Bootle-Wilbraham was born at Blythe Hall, Lathom, Lancashire, the son of Hon. Richard Bootle-Wilbraham, MP, eldest son of Edward Bootle-Wilbraham, 1st Baron Skelmersdale. His mother was Jessy, daughter of Sir Richard Brooke, 6th Baronet of Norton. His father died when Edward was only 7 years old and he was brought up by his grandparents at nearby Lathom House.

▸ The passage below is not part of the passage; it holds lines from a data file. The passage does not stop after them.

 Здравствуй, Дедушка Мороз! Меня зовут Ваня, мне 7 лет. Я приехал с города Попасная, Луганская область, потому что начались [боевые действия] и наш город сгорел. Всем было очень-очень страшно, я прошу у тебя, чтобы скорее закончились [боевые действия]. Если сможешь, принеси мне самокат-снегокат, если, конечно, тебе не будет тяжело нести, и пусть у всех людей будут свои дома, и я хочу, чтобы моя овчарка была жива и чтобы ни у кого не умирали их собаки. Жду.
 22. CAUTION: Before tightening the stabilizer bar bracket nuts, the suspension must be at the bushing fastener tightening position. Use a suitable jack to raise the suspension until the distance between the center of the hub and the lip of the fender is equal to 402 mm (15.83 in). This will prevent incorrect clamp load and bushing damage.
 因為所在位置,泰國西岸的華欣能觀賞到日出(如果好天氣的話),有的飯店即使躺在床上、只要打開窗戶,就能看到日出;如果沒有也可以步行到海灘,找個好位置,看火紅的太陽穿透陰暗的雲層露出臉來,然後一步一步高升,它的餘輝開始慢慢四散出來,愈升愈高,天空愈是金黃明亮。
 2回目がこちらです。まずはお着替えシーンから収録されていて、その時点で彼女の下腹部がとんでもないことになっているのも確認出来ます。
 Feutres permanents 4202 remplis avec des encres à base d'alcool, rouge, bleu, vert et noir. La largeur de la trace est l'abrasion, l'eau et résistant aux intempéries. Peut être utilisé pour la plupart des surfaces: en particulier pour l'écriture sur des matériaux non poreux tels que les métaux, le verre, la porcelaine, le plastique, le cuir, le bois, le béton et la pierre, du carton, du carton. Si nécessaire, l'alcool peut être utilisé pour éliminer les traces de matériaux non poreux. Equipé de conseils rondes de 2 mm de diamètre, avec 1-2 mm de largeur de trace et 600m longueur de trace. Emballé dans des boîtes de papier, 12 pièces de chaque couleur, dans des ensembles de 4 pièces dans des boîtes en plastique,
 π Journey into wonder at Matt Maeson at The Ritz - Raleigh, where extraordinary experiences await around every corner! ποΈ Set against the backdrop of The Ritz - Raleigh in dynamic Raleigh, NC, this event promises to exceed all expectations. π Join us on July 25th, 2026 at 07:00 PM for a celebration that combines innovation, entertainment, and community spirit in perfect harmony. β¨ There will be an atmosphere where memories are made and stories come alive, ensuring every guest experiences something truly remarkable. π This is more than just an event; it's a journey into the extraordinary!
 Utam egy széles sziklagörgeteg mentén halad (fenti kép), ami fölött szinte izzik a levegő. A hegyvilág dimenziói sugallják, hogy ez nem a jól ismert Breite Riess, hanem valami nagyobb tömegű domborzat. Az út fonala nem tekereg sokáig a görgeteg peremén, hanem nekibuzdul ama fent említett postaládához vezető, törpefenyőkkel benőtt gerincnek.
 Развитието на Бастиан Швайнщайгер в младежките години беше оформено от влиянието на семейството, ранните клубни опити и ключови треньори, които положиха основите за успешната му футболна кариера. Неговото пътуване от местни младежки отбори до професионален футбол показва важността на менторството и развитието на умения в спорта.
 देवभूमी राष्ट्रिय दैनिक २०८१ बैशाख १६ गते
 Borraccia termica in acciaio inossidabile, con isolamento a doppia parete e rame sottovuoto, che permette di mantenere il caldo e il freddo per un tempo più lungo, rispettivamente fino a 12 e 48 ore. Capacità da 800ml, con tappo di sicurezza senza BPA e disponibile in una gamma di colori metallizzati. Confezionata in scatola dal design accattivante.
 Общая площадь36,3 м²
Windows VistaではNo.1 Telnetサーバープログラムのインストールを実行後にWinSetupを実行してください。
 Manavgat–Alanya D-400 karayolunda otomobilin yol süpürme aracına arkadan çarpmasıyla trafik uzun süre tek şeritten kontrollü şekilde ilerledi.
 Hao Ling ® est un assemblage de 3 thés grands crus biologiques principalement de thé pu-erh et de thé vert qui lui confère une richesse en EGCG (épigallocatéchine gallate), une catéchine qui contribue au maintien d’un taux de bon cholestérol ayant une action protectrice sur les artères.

He was educated at Eton and Christ Church, Oxford. Whilst a student at Oxford he was initiated into the Apollo University Lodge No 357, and became an active Freemason. He was appointed Honorary Colonel of the 11th (1st Preston) Lancashire Rifle Volunteer Corps on 9 November 1872.

Career
Bootle-Wilbraham succeeded his grandfather as second Baron Skelmersdale in 1853 and was entitled to take a seat in the House of Lords on his 21st birthday in 1858. He served under the Earl of Derby and then Benjamin Disraeli as a Lord-in-waiting from 1866 to 1868. In 1870 he became Conservative Chief Whip in the House of Lords. He once again held office under Disraeli as Captain of the Yeomen of the Guard from 1874 to 1880, and was admitted to the Privy Council in 1874.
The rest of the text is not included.